Monday, February 2, 2009

Michael Phelps (may have) Drank the Bong Water

Mr Phelps, Olympic swimming multi- gold medal winner, has been busted with a bong up his face smoking marijuana.

He has apologized, said he regrets it, it was stupid, etc. I give him credit for admitting to it straight up. I have heard plenty of public people try to say, ''uh, yeah that is me but I didn't inhale''. And I agree, that was really stupid. In my opinion though, the colossally stupid part is getting caught. Getting caught with the bong covering your mouth.
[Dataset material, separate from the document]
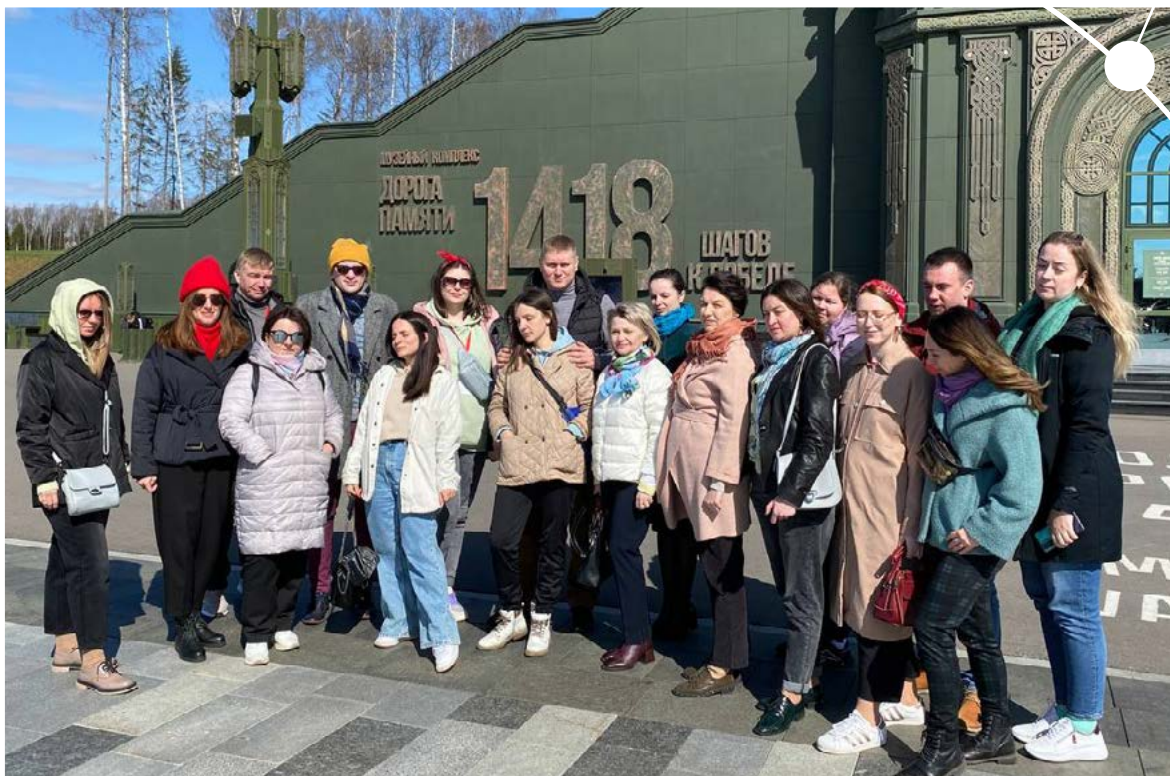
В парке «Патриот»

В финальный день ВПШ Профсоюза молодые педагоги, преподаватели и наставники посетили военно-патриотический парк культуры и отдыха вооруженных сил Российской Федерации. В комплекс входит потрясающая экспозиция «Дорога памяти». Каждому, кто приходит сюда, предлагают пройти 1418 шагов – именно столько дней длилась Великая Отечественная война. Экспозиция включает 35 залов, 27 из которых – иммерсивные, с эффектом погружения. Слезы сами наворачиваются на глаза... Невозможно не восхищаться работой мастеров, создававших этот музейный комплекс. Огромная благодарность им и низкий поклон!

Come on! This guy has been photographed all over the world. He has been hunted by reporters and 'paparazzi' everywhere he goes. He has had people live outside his house waiting to take just one photo. Stalked. Hunted. Followed. I mean, I have never seen a picture of him digging out his nose or picking his underwear out of his butt or flipping someone off. He knows enough not to do those things in front of a camera!

Dude, seriously, how are you so stupid to let someone take a picture of you toking up. Although I suppose the answer is in the question now that I think about it. You smoke some weed and you get a few really dumbassed ideas floating around your head. Something was wrong with your doobage man, it did not make you paranoid enough.

So now the talk is all about if he will be kicked out of the pool forever for this. I gotta' say, unless Couch Morphing has become an Olympic event, I don't think it should count against him. Seriously, pot is about the most performance UN-enhancing drug there is. It sure will not be making him faster in the water. Or anywhere else.

I used to see a counseling client who was convinced there was marijuana in the air. This person had seen on the news that when police confiscate drugs they burn it all in a big pile. She became sure that it was in the air all around her. It did not dissipate, it just foofed around in the air forever. Seriously, she thought this for years. Now, it is a tribute to my brilliant therapeutic skills (sarcasm) that it took me less than one hour to convince her that this particular distortion of thought was off track. If there was marijuana in the air, people would be a lot happier. There would be no road rage, no highly ambitious crime, heck maybe even no more war! The Three Stooges would still be on television because everyone would think it was funny. I, me myself, I would be asleep.


  1. Seriously the boy had to have been on crack to do that! What on earth was he thinking!?!

  2. I'd be throwing up. Never could take the smell. Never, ever even tried it simply because of that fact.

    I think Michael is an idiot. 'Nuff said.

  3. haha
    i'd be asleep too!
    i also think it is so stupid to have a photo taken of you doing what did he think? I thought that he was a smart guy but i guess he's not so bright after all.

  4. ew, the smell is distinctive that's for sure.
    I just cannot believe he let someone take a pic. I don't care what you smoke, just don't get caught please!

  5. Essie, my current claim to fame is that I live in the county where Michael Phelps took his toke. Our sheriff, Leon Lott, does not play. He has been on TV this weekend saying first of all that he's sick of crackheads. And second of all, that he's going to prosecute Mr. Phelps if he broke the law in this county.

    Please know that we, here in Richland County, are sleeping better at night knowing that our sheriff (who dresses quite dapperly, I might add), is sick of crackheads and pot-smoking olympic swimmers!

  6. oh man, there is nothing worse for poor Mike than a local sheriff dude taking the opportunity to make his own name known. He's gonna get it now!